What You Should Know Before You Submit Your DNA to Anyone
What You Should Know Before You Submit Your DNA to Anyone

Before you submit your DNA to anyone, we suggest you consider the following.
Forensic science has advanced human knowledge and provided definite benefits in a number of fields. Two commercial DNA analysis companies are using their customers’ genomes to study how genetics determine the severity of COVID-19 symptoms patients experience. The nightly news and plenty of television police dramas remind us of the importance of DNA in crime scene investigation.
Sophisticated genetic analysis was largely responsible for the capture and conviction of the Golden State Killer. Putting a man who committed as many as a dozen murders and 50 rapes no doubt is a happy ending. But the case also raised serious privacy implications that could give genealogists and family tree-tracers pause. If you’re not careful, trying to trace your ethnic composition, trying to find out about potential allergies and susceptibility to certain diseases, or learning if you’re related to Abraham Lincoln or George Clooney could expose you and your family to unwanted scrutiny, suspicion, and harassment.
Genetic Breadcrumbs
Submitting DNA samples to popular sites like 23andMe, Ancestry.com, MyHeritage, and FamilyTreeDNA – which, combined, warehouse the chromosomal codes of more than 30 million people – is anything but secure. Compounding matters, uploading your DNA also uploads partial sequences of people related to you. Posting your genome to a commercial database provides a direct link to your parents and siblings and a scent that bloodhounds can follow to more distant relatives and vice versa.
“So, you aren’t just putting your own DNA out there, possibly to be used in police investigations. You’re putting theirs out there too, without necessarily having their consent”, Debbie Kennett, an honorary research associate in the Department of Genetics at University College of London, told The Independent.
That’s how police apprehended the Golden State Killer. Investigators uploaded DNA fragments from the serial killer’s crime scenes to a website that aggregates results from the commercial testing services. The site compared them to millions of voluntarily submitted samples and led police to several people who shared some of those DNA sequences because they are somehow related to the suspect. Those results led them to other relatives and greater DNA similarities until they narrowed their search to Joseph James DeAngelo. He was a perfect match, and the cops had their man.

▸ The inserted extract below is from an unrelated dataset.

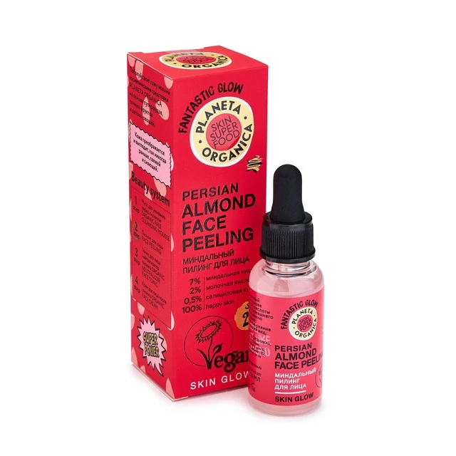 Всего несколько минут на то, чтобы сделать кожу чистой, молодой и сказочно красивой! Этот ароматный пилинг на основе миндальной кислоты создан для домашнего ухода. Мгновенно придает коже естественное сияние и отдохнувший вид. Миндальная кислота способствует выработке коллагена, кожа становится гладкой и бархатистой. Обладает антисептическим действием, эффективно очищает и обновляет кожу, придавая тонус и сияние. Молочная кислота глубоко увлажняет и омолаживает кожу. Вспомните легенду о молочных ваннах Клеопатры — секрет молодости и красоты ее кожи. Салициловая кислота очищает поры и сокращает черные точки. Кожа преображается и выглядит, как никогда раньше свежей, сияющей и шелковистой. Способ применения: нанесите пилинг на чистую сухую кожу, избегая области вокруг глаз, оставьте на 3-5 минут. Тщательно смойте водой. Рекомендуем использовать «Тоник для лица нейтрализатор пилинга» и «Крем для лица после пилинга» коллекции SKIN SUPER FOOD. Использовать 1-2 раза в неделю. Меры предосторожности: перед использованием проверьте на небольшом участке кожи на отсутствие аллергии. Может возникнуть незначительное покалывание и покраснение кожи. Состав: Aqua with infusions of Prunus Spinosa Fruit Extract (экстракт дикой сливы), Nigella Sativa Seed Extract (экстракт черного тмина) and Hibiscus Sabdariffa Flower Extract (органический экстракт гибискуса), Mandelic Acid (миндальная кислота), Lactic Acid (молочная кислота), Salicylic Acid (салициловая кислота), Prunus Amygdalus Dulcis Fruit Water (миндальное молочко), Cocos Nucifera Fruit Juice (кокосовая вода), Hydroxypropyl Starch Phosphate (натуральный загуститель на основе крахмала), Panthenol (провитамин В5), Rosa Damascena Flower Oil (эфирное масло розы дамасской), Sodium Hydroxide (гидроксид натрия), Benzoic Acid (пищевой консервант из ягод брусники), Sorbic Acid (пищевой консервант из ягод клюквы).
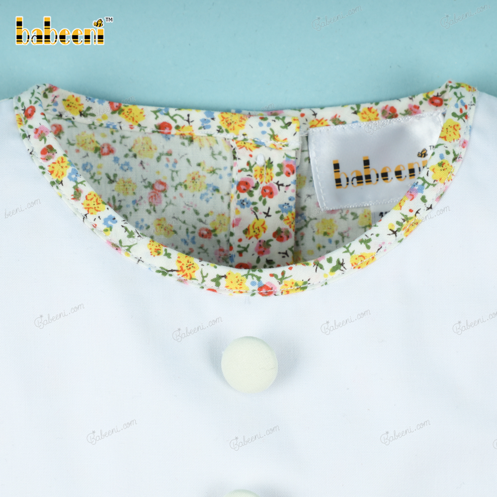 Feature: A lovely set for girls this summer. It comes with yellow tiny floral fabrics in a sleeveless style.

It’s not hard to imagine law enforcement badgering relatives of people they consider suspects to surrender their DNA for comparison.
Other Hazards
Sending the police to call on your Aunt Eloise isn’t the only potential collateral damage commercial DNA testing can incur
• Scams – There are limits to what DNA can reveal, but some less-than-scrupulous companies may not make that clear. They may make sweeping generalizations about a person’s ideal diet, athletic ability, or other physical attributes. Relying on these dubious claims as the basis for nutrition, exercise regimens, or dating targets is destined to prove foolhardy.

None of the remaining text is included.